You have errors in your integration limits for your integral, \displaystyle \int\int \frac{1}{y^2}e^{-x/y}\,dx\,dy\ .

It looks to me like you will need to write that as the sum of two integrals.

You're right, it should be ∫(2,2y) instead of ∫(2y,∞)

I'm still getting ∞
 
Fizic said:
You're right, it should be ∫(2,2y) instead of ∫(2y,∞)

I'm still getting ∞
I also get ∞. However, the limits of integration are not what you have.

The original integral has y going from y = 2/x to y = ∞.

If y = 2/x , then x = 2/y not what you have, which is x = 2y.

Furthermore:

When y ≥ 1 , x goes from x = 2 to x = +∞ .

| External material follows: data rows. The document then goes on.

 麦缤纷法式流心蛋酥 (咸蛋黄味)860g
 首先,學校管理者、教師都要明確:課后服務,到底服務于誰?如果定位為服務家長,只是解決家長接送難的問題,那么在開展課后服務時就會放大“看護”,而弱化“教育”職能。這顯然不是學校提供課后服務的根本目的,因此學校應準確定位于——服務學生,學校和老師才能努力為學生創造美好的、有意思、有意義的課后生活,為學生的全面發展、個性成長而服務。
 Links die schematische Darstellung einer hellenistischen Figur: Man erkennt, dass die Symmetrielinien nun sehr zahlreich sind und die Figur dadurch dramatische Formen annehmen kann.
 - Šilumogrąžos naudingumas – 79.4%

And when 0 ≤ y ≤ 1 , x goes from x = 2/y to x = +∞ .
 
SammyS said:
I also get ∞. However, the limits of integration are not what you have.

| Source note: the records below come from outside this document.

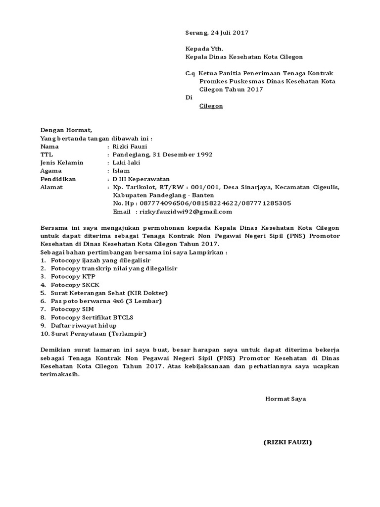 Contoh Surat Lamaran Kerja Puskesmas Yang Baik Dan Benar Contoh
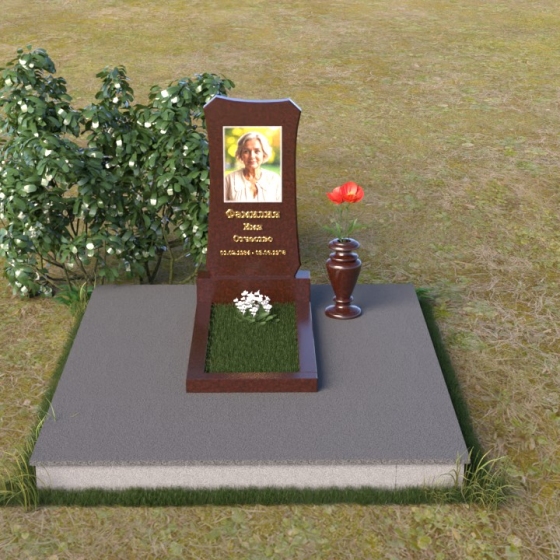 Форма стелы ПВ 020 идеально подходит для размещения портрета усопшего. Благодаря скругленным линиям и отсутствию острых углов, изображение будет выглядеть гармонично и естественно. Портрет может быть выполнен в виде гравировки или фотокерамики. Золотое тиснение имени, отчества и дат жизни на темном фоне гранита выглядит особенно торжественно и благородно, привлекая взгляд и подчеркивая важность информации. Для того, чтобы добавить индивидуальности, можно дополнить композицию вазой для цветов, выполненной в том же стиле, что и сам памятник. Ваза из гранита или мрамора не только украсит место захоронения, но и станет символом вашей заботы и любви. Расположение вазы рядом со стелой позволит создать завершенную и гармоничную композицию, подчеркивающую красоту и величие ритуального изделия.
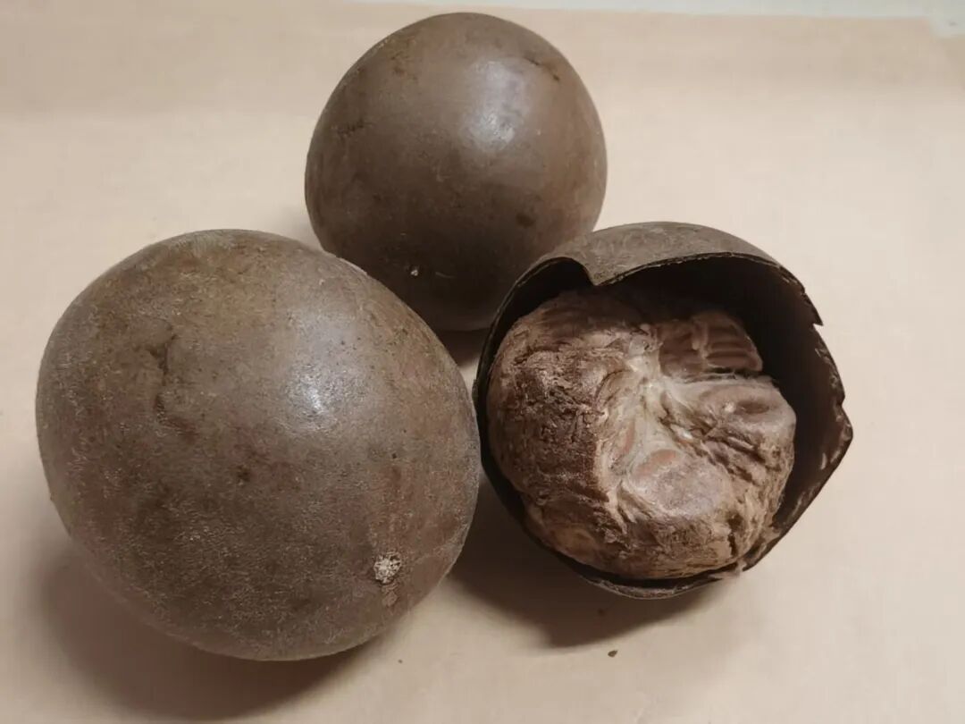果实经低温干燥,表面褐色,质脆,果皮薄,果瓤海绵状,浅棕色。
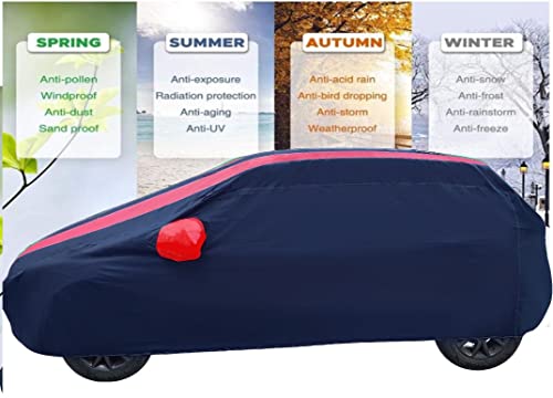 Auto Hub Car Cover Compatible with Hyundai Verna Fluidic (Model : 2013-2017) with Mirror Pockets, Triple Stitched, Navy, Red, Water Resistant Car Body Cover
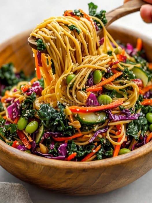 - The Big Mix: Add the cooked noodles to the vegetable bowl. Pour the sesame dressing over the top and toss everything together until every strand is perfectly coated. 🥢🤝🤤
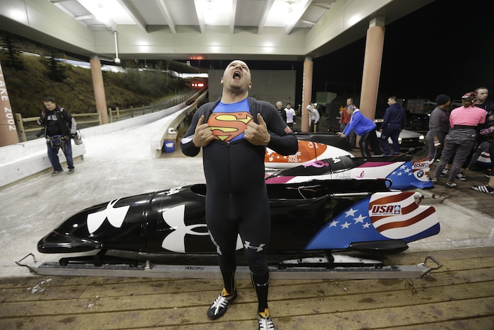 Steve Holcomb displays his Superman shirt as he poses for a photograph in front of his sled after the United States four-man bobsled team trials on Saturday, Oct. 26, 2013, in Park City, Utah. Holcomb and his crew came in first place. (AP Photo/Rick Bowmer)

The original integral has y going from y = 2/x to y = ∞.

If y = 2/x , then x = 2/y not what you have, which is x = 2y.

Furthermore:

When y ≥ 1 , x goes from x = 2 to x = +∞ .

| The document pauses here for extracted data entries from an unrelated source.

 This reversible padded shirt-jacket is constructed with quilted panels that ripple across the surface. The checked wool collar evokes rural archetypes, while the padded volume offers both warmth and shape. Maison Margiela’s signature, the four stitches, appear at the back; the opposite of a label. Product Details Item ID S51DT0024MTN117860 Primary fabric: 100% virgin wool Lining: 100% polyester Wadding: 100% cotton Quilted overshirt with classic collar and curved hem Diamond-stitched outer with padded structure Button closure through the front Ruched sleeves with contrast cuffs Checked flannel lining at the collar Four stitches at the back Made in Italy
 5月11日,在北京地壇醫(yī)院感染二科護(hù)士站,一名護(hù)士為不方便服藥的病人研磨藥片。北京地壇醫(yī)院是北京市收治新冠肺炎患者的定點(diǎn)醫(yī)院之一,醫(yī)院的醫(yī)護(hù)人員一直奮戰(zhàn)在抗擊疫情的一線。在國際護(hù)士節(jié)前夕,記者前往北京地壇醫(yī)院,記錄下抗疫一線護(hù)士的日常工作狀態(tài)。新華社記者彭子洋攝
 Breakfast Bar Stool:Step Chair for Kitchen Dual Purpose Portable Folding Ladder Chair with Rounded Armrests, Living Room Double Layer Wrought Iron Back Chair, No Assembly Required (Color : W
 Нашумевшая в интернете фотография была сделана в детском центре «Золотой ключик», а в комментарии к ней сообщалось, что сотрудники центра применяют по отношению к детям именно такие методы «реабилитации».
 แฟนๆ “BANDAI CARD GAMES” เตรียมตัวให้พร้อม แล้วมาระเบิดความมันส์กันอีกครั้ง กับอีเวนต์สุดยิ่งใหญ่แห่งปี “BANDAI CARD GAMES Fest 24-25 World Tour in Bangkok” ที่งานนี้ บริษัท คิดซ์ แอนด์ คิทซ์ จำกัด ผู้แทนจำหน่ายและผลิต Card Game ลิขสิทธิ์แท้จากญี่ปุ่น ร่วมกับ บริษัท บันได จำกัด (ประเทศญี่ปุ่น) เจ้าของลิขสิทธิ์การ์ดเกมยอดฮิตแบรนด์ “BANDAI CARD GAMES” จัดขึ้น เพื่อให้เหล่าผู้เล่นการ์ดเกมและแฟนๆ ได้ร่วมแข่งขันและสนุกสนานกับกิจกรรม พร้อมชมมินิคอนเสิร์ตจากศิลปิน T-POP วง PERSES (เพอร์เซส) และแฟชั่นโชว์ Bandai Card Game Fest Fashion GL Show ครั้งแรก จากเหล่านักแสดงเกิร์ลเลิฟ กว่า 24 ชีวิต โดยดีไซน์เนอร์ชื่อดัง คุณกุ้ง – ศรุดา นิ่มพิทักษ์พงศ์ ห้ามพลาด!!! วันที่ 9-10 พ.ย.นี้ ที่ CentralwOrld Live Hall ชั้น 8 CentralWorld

And when 0 ≤ y ≤ 1 , x goes from x = 2/y to x = +∞ .

My bad, it was supposed to be x/2, not 2/x.

I think it's infinity but I can't integrate e^(-2/y)/y.
 
Fizic said:
My bad, it was supposed to be x/2, not 2/x.

I think it's infinity but I can't integrate e^(-2/y)/y.
O.K.

Then you do get \displaystyle \int_{1}^{\infty}\,\int_{2}^{2y} \frac{1}{y^2}e^{-x/y}\,dx\,dy \ .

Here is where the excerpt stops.